Others, however, have been quick to discount Simonton’s claims.

Dr. Letitia Tierney, commissioner for the West Virginia Bureau for Public Health, called Simonton’s report "totally unfounded."

And Laura Jordan, spokeswoman for WVAWC, called the report “misleading and irresponsible.”

Simonton also said he and others think the formaldehyde is being formed when the leaked chemical break down and become other chemicals after coming in contact with things such as water and air.

But state environmental officials argue there's no way that could happen, and said a small amount of formaldehyde in water is not dangerous.

On Thursday, a chemist called Simonton’s findings “a load of crap” in his blog.

Derek Lowe, on his blog pipeline.corante.com, wrote that when he first read about reports of formaldehyde in the water because of the spill, his “first thought, as a chemist, was, ‘You know, that doesn’t make any sense.’”

He said a closer look confirmed his initial thoughts … and more.

“This accident, like any news story involving any sort of chemistry, also manages to show how little anyone outside the field understands anything about chemicals at all,” wrote Lowe, who received his PhD in organic chemistry from Duke and has worked for several major pharmaceutical companies since 1989. “I say that because among the many lawsuits being filed, there are some that that the lawyers appear to believe that the chemical spill was a mixture of 4-methylcyclohexane and methanol. Not so.”

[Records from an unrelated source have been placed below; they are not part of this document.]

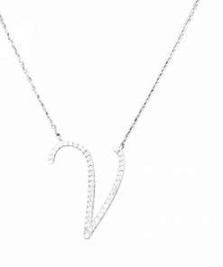 אות ושרשרת מכסף 925 בשיבוץ זרקונים מנצנצים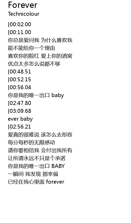 | [03:17.60][03:09.68][03:01.50][02:53.90][02:21.40][02:13.61][01:17.70][01:09.90] | forever ever baby |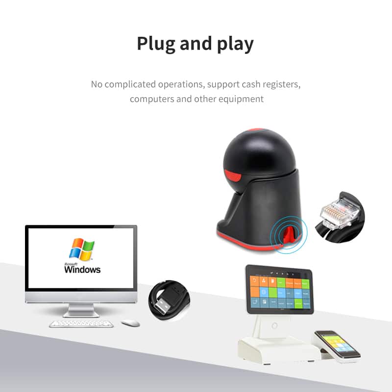 • Platform QR code scanner, just connect the USB cable to computer USB interface. No need to install any software Easily work with Windows XP/7/8/10, Mac OS, Linux and more.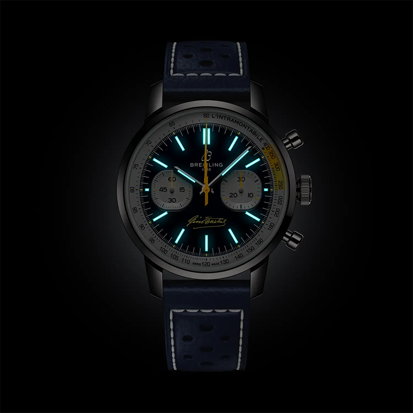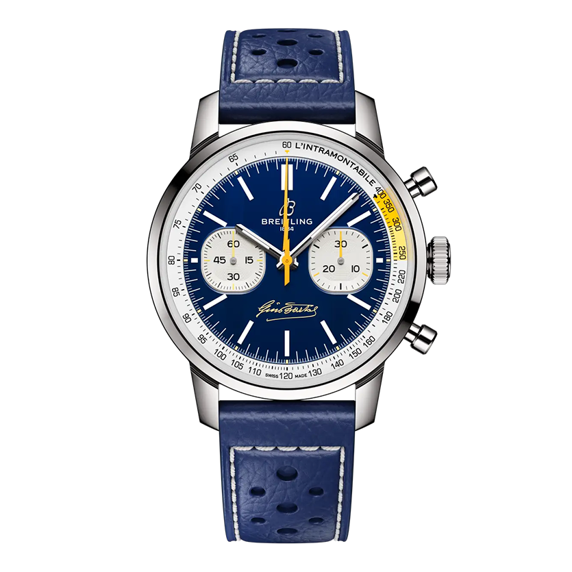 Ref. AB01767A1C1X1 - Die in den 1960er Jahren eingeführte, unkonventionelle, vom Rennsport inspirierte Chronographenlinie von Willy Breitling fing die freizügige Atmosphäre dieser Ära ein. Heute verkörpert die neue Top Time Kollektion diese adrenalingeladene Energie und verbindet modernes Retro-Design mit innovativer Leistung. Fausto Coppi und Gino Bartali waren nicht nur Weltmeister, sondern Symbole des Sportsgeistes. Beide waren Botschafter von Breitling zu einer Zeit, als die Marke offizieller Zeitnehmer der grössten Rennen des Radsports war und ihre Liebe zum Sport ein Millionenpublikum inspirierte. Die Top Time B01 Gino Bartali zeigt sich mit einem blauen Zifferblatt mit gelben Akzenten, das von seinem legendären Trikot inspiriert ist. Der Chronograph trägt Bartalis Spitznamen auf der Tachymeterskala: «L’Intramontabile» (Der Zeitlose) und seine Signatur bei sechs Uhr macht die Verbindung noch persönlicher. Der 41-mm-Chronograph läuft auf dem Manufakturkaliber 01 von Breitling und bietet COSC-zertifizierte Präzision und eine Gangreserve von 70 Stunden. Der transparente Gehäuseboden gibt den Blick auf das filigrane Uhrwerk frei, dessen äusserer Ring mit «Gino Bartali Tribute» und «One of 750» graviert ist. Damals unvergesslich, heute neu interpretiert: Die Top Time B01 Bartali ist eine Hommage an die Widerstandsfähigkeit und die Freundschaften, die selbst im härtesten Wettbewerb geschmiedet wurden.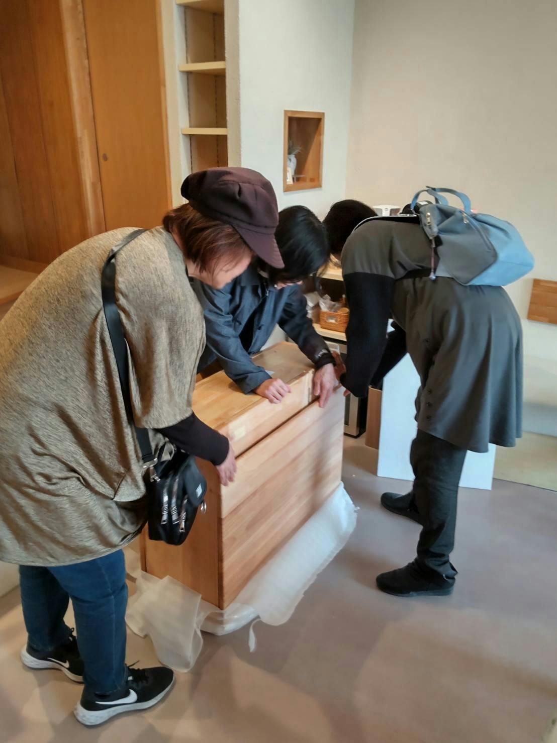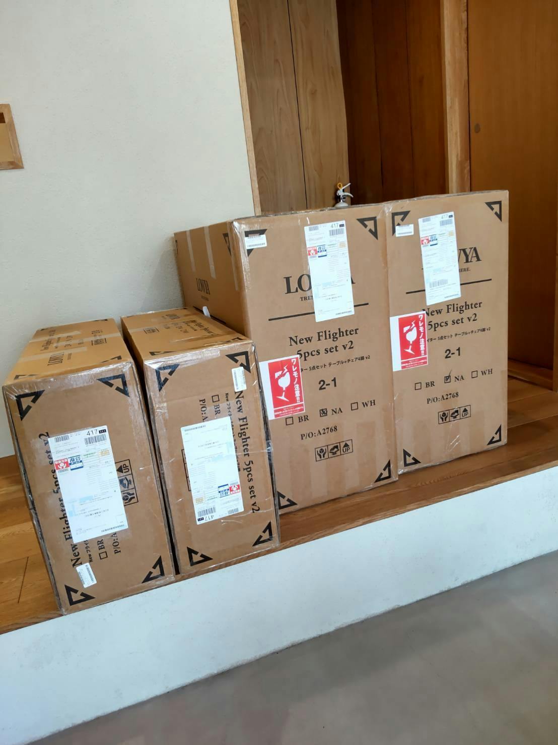 2階シェアスペース用の折り畳み家具が届いて。梱包は箱主さん達と解いたけど、重たくて2階に運べません。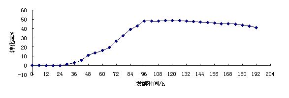 从图1可知发酵过程中大豆肽转化率随发酵时间增加而增加,在120h以后略有下降,在发酵96h后大豆肽转化率增加速率开始放慢,在120h达到最高点48.61%,从生产角度考虑,发酵时间定在96h,此时的大豆肽转化率达47.78%。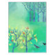 Pintura de dois pássaros negros em um campo verde em primavera. Uma seiva entra em folha e se espalha com flores, e ao fundo estão algumas árvores na borda da floresta. Arte original de Nic Squirrell.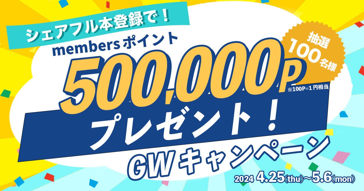 本キャンペーンは、2024年4月25日(木)〜2024年5月6日(月)の期間で、『シェアフル』アプリの本登録(身分証・銀行口座・顔写真などの登録)を行うと抽選で「シェアフルmenbers」のポイントがもらえるキャンペーンです。対象期間中に本登録をした方の中から抽選で100名様に「membersポイント」500,000Pが当たります。貯まったポイントは電子マネーに交換可能です。ぜひ、この機会に『シェアフル』をご利用ください。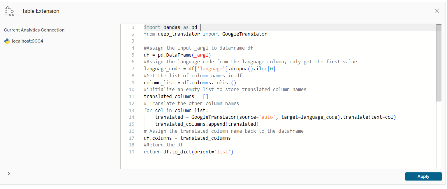 Now, we have the idea of how the Python script works to translate the column name. The Language column would be our parameter to switch the language, as it will change the target parameter in the GoogleTranslator method.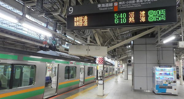 熱海駅から東京は混雑しているので、快速電車用グリーン券(\1000)利用して16:06発~17:53分東京駅着で帰る。 |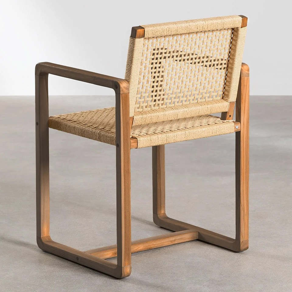 เก้าอี้รับประทานอาหารกลางแจ้งไม้สักธรรมชาติ พร้อมหวายคุณภาพดีที่สุด สีธรรมชาติ
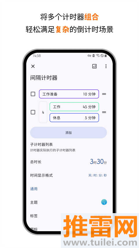 4、长按面板里的计时器能直接跳到它的设置界面,调时间铃声标签白噪音这些细节都随便改。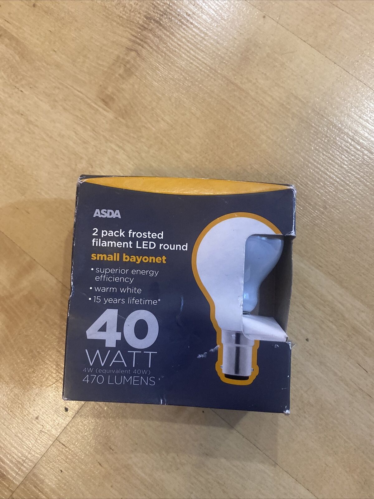 Asda 2 Pack Frosted Filament LED Round Small Bayonet Bulb 40W 470lumens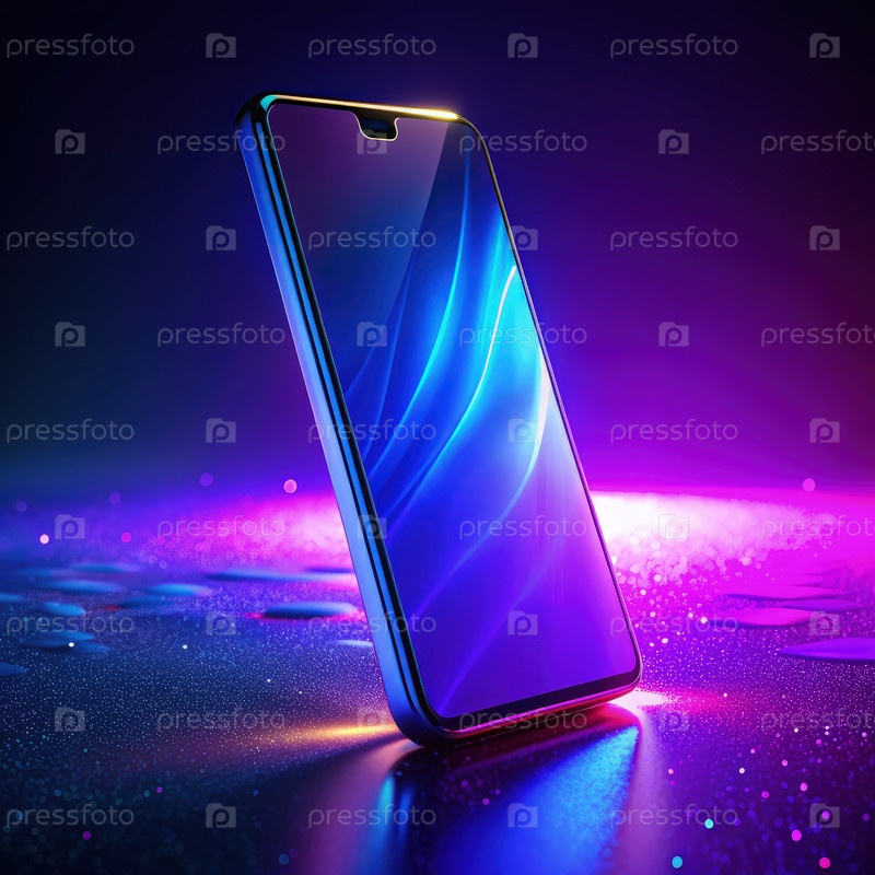 Фиолетовые и синие телефоны на столе, генерирующие ИИ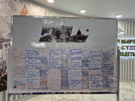 Завершился митинг приглашением кадет подумать над вопросом: «Что может сделать президентский кадет, чтобы сохранить историческую память о Великой Отечественной войне?» и сделать запись на стене размышлений.
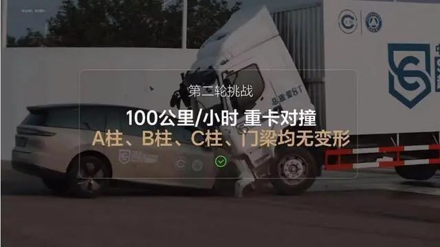 理想i8的質量連乘龍卡車的一半都不到,硬是正面接住了這100公里時速的兇猛撞擊。不但接住了,乘龍卡車的車頭還被頂翻了,車輪都離開地面,直接飛起來了。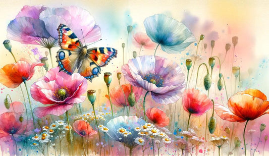 Tapete Schmetterling | Blumen und Knospen Tapete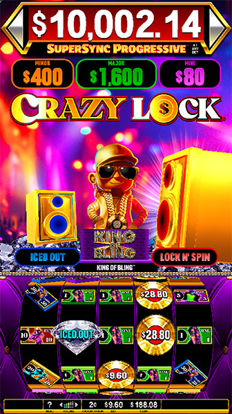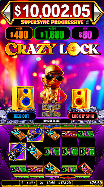 Lock in YOUR cash with Crazy Lock King of Bling™. Incredible Technologies’ latest slot theme brings the party to the slot floor. 25 Lines are filled with dollar bill symbols, complete with IT’s Angle Pay™ where angled symbols pay for even more line win potential. Keep your eyes peeled for a little boost from the house DJ, the King of Bling himself!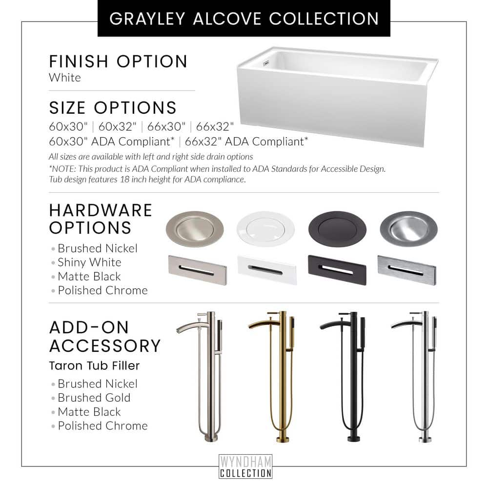 The Wyndham Collection Grayley Alcove Bathtub offers a modern, space-saving design with a durable acrylic construction. Featuring a left-hand drain, polished chrome trim, and a comfortable soaking depth, this tub is perfect for any bathroom renovation.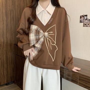 FA46420# 大码蝴蝶结设计感假两件式卫衣秋季慵懒宽松减龄chic外套 服裝批發女裝批發服飾貨源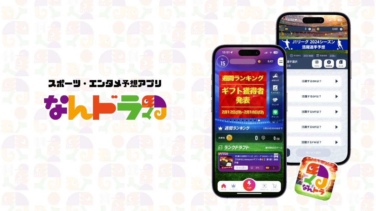 「なんドラ」はアプリケーションを利用し試合の勝敗や特定選手の活躍などを予想するサービスです。 予想結果に応じてポイントを獲得でき、週間ランキング上位ユーザーには様々なギフトをプレゼントしており、全国にいる利用者とランキング勝負を通してスポーツ観戦に新たな観戦価値と熱狂を提供します。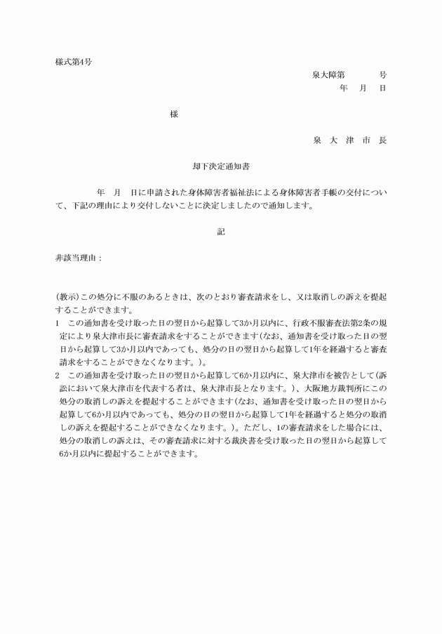 第4条 法第15条第5項の規定による通知は、却下決定通知書(様式第4号)によるものとする。

Lowe writes that this misreading of the name is “a mistake that a non-chemist might make because the rest of the English language doesn't usually build up nouns the way organic chemistry does.”

“Chemical nomenclature is way too logical and cut-and-dried to be anything like a natural language,” he writes. “You really can draw a complex compound's structure just by reading its name closely enough. This error is a little like deciding that a hairdryer must be a device made partly out of hair.”

He quotes parts of court filings from the Thompson and Barney law firm that says “two component parts of (crude MCHM) are methylcyclohexane and methanol which are both known dangerous and toxic chemical that can cause latent dread disease such as cancer.”

“Sure thing, guys, just like the two component parts of dogwood trees are dogs and wood,” Lowe writes. “Chemically, this makes no sense whatsoever.”

Lowe also writes that it would make sense to wonder if crude MCHM can degrade into methanol.

“Without going into too much detail, the answer is ‘No,’” he wrote. “I would not expect them to break off that single-carbon alcohol as formaldehyde.”

Lowe goes on to say the formaldehyde is found in low levels – around 20-30 nanograms/milliliter – in nature in things such as oranges and tomatoes. He said the amounts Simonton found in the water sample he testified about is just over that 30 nanograms/milliliter threshold, which is just above the 27 ng/mL found in tomato juice.

But what seemed to bother Lowe most is Simonton.

“But Simonton is a West Virginia water quality official, is he not?” Lowe writes. “Well, not in this capacity. … He is being paid in this matter by the law firm of Thompson and Barney to do water analysis. Yes, that's the same law firm that thinks that 4-MCHM is a mixture with methanol in it. And the water sample that he obtained was from the Vandalia Grille in Charleston, the owners of which are defendants in a Thompson and Barney lawsuit.”

Lowe again stresses that the level of formaldehyde found in the Vandalia Grille sample has “never been shown to be harmful in humans.”

“His (Simonton’s) statements about cancer and other harm coming to West Virginia residents seem to me to be irresponsible fear-mongering,” Lowe writes. “The sort of irresponsible fear-mongering that someone might do if they're being paid by lawyers who don't understand any chemistry and are interested in whipping up as much panic as they can.

“Just my freely offered opinions. Do your own research and see what you think.”